The answer must restate the listing word for word, without its images.

----- Information given -----

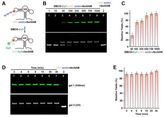 Under the conditions of the DBCO-Cy3 concentration being 500 times that of U43 azido-riboSAM, we further investigated the reaction rate. Urea-PAGE detection showed that the reaction between the two was extremely rapid, being essentially complete after 2 min. This was confirmed by the observation of equal amounts of U43 Cy3-riboSAM (fluorescent imaging) and the complete conversion of all U43 azido-riboSAM to U43 Cy3-riboSAM (UV imaging) at different reaction times (2, 4, 6, 8, 10, 20, and 30 min) (Figure 3D,E). These results demonstrate that the SPAAC reaction occurring on the riboSAM stem-loop was rapid and efficient, enabling the efficient incorporation of Cy3 into the U43 site.
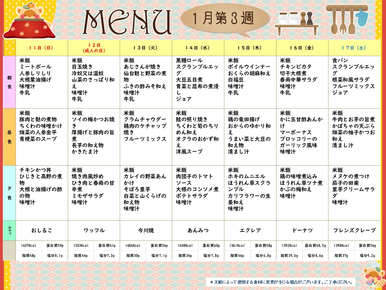 1月第3週(1/11~1/17日)献立表
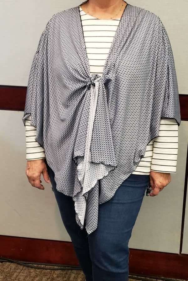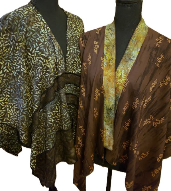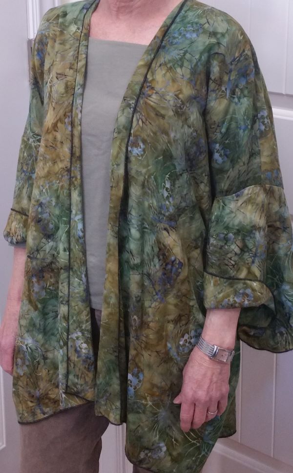Yes, you can design your jacket wardrobe and do so without any unpleasant measurements. We only need shoulders, neck, and desired length. We'll start with a basic kimono style. Then, discuss a few possible tweaks while fitting and onward to changes and additions, in other words, Style. Perhaps add a back yoke or a front band, tapered sleeves, vents or cuffs, decorative panels, and various collar styles. Leave off the sleeves and create a vest. Face the fronts for a fold-back collar. Make a vee or rounded neckline and add a tie or button closure. Play your way to a great jacket wardrobe. Questions are welcome. Includes a Trunk show to inspire—plus a worksheet.
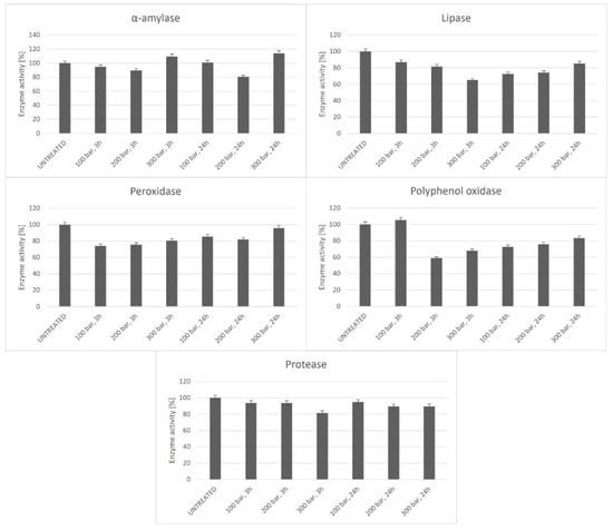 In this study, a green approach using scCO2 technology was used to process spelt flour. ScCO2 technology was checked for its great advantages for food processing; this involved its ability to preserve food quality due to the mild process conditions and, at the same time, to achieve a change in the activity of specific enzymes. The activities of α-amylase, lipase, peroxidase, polyphenol oxidase, and protease, which were detected in spelt flour before and after scCO2 treatment at different parameters, are presented in Figure 2. Data show that scCO2 affected the activity of individual enzymes, depending on the type of enzyme and process parameters. The most favorable parameters for α-amylase enzyme inactivation were 200 bar and 24 h, with 20% enzyme inactivation. The lipase and protease inactivation results showed that the highest level of inactivation was achieved at 300 bar and 3 h of exposure, as lipase activity achieved 65% under these conditions and protease achieved 81%. A minimum POD activity of 74% was observed at process exposure conditions of 100 bar and 3 h, whereas PPO activity was the lowest (59%) at 200 bar and 3 h. Oxidation of amino acids present in free and polypeptide chains is a primary mechanism of enzyme inactivation in scCO2, with additional occurrences of depolymerization of polypeptide chains and destruction of secondary structural elements of enzymes [].
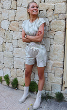 Alma U T-shirt | Sand Elfenbensränder
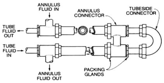 This type of HX is like a tube–shell HX, but instead of the number of tubes in a shell, a double-pipe HX employs concentric pipes. Fluid in the outer pipe surrounds the inner pipe in the same way as in the tube–shell type, where fluid in the shell surrounds the tubes. Figure 7 [90] shows a double-pipe HX.
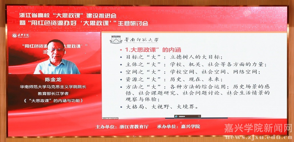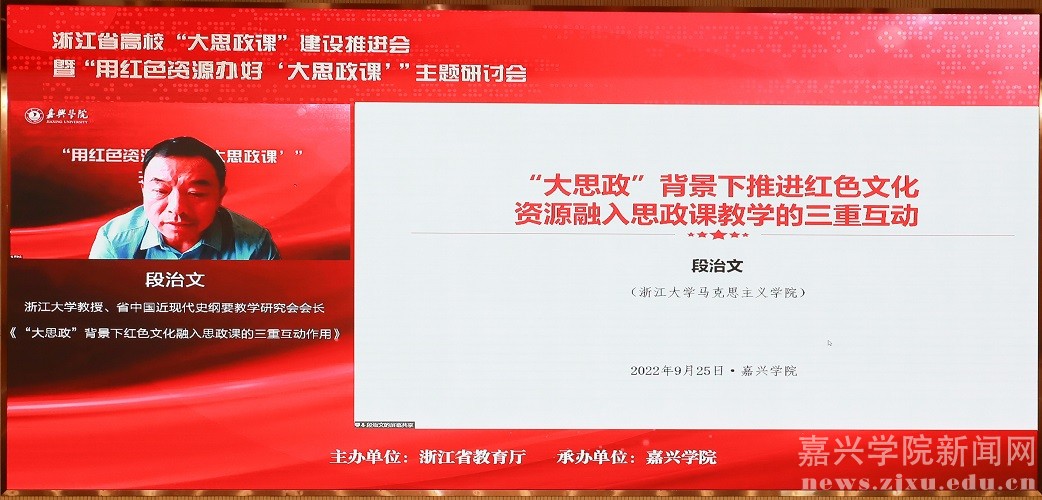 9月25日,浙江省高校“大思政课”建设推进会暨“用红色资源办好‘大思政课’”主题研讨会在我校举办。会议由浙江省教育厅主办、我校承办。浙江省委教育工委专职副书记、省教育厅党组副书记陈春雷,省教育厅宣教统战处处长陈雷,嘉兴市教育局党组书记、局长武曜云,校党委书记卢新波,党委委员、副校长(主持日常工作)胡俊云,党委委员、副校长张琦出席会议。党委副书记吴云达主持开幕式。

-----

Result of this exercise
 Under the conditions of the DBCO-Cy3 concentration being 500 times that of U43 azido-riboSAM, we further investigated the reaction rate. Urea-PAGE detection showed that the reaction between the two was extremely rapid, being essentially complete after 2 min. This was confirmed by the observation of equal amounts of U43 Cy3-riboSAM (fluorescent imaging) and the complete conversion of all U43 azido-riboSAM to U43 Cy3-riboSAM (UV imaging) at different reaction times (2, 4, 6, 8, 10, 20, and 30 min) (Figure 3D,E). These results demonstrate that the SPAAC reaction occurring on the riboSAM stem-loop was rapid and efficient, enabling the efficient incorporation of Cy3 into the U43 site.
 1月第3週(1/11~1/17日)献立表
Yes, you can design your jacket wardrobe and do so without any unpleasant measurements. We only need shoulders, neck, and desired length. We'll start with a basic kimono style. Then, discuss a few possible tweaks while fitting and onward to changes and additions, in other words, Style. Perhaps add a back yoke or a front band, tapered sleeves, vents or cuffs, decorative panels, and various collar styles. Leave off the sleeves and create a vest. Face the fronts for a fold-back collar. Make a vee or rounded neckline and add a tie or button closure. Play your way to a great jacket wardrobe. Questions are welcome. Includes a Trunk show to inspire—plus a worksheet.
 In this study, a green approach using scCO2 technology was used to process spelt flour. ScCO2 technology was checked for its great advantages for food processing; this involved its ability to preserve food quality due to the mild process conditions and, at the same time, to achieve a change in the activity of specific enzymes. The activities of α-amylase, lipase, peroxidase, polyphenol oxidase, and protease, which were detected in spelt flour before and after scCO2 treatment at different parameters, are presented in Figure 2. Data show that scCO2 affected the activity of individual enzymes, depending on the type of enzyme and process parameters. The most favorable parameters for α-amylase enzyme inactivation were 200 bar and 24 h, with 20% enzyme inactivation. The lipase and protease inactivation results showed that the highest level of inactivation was achieved at 300 bar and 3 h of exposure, as lipase activity achieved 65% under these conditions and protease achieved 81%. A minimum POD activity of 74% was observed at process exposure conditions of 100 bar and 3 h, whereas PPO activity was the lowest (59%) at 200 bar and 3 h. Oxidation of amino acids present in free and polypeptide chains is a primary mechanism of enzyme inactivation in scCO2, with additional occurrences of depolymerization of polypeptide chains and destruction of secondary structural elements of enzymes [].
 Alma U T-shirt | Sand Elfenbensränder
 This type of HX is like a tube–shell HX, but instead of the number of tubes in a shell, a double-pipe HX employs concentric pipes. Fluid in the outer pipe surrounds the inner pipe in the same way as in the tube–shell type, where fluid in the shell surrounds the tubes. Figure 7 [90] shows a double-pipe HX.
 9月25日,浙江省高校“大思政课”建设推进会暨“用红色资源办好‘大思政课’”主题研讨会在我校举办。会议由浙江省教育厅主办、我校承办。浙江省委教育工委专职副书记、省教育厅党组副书记陈春雷,省教育厅宣教统战处处长陈雷,嘉兴市教育局党组书记、局长武曜云,校党委书记卢新波,党委委员、副校长(主持日常工作)胡俊云,党委委员、副校长张琦出席会议。党委副书记吴云达主持开幕式。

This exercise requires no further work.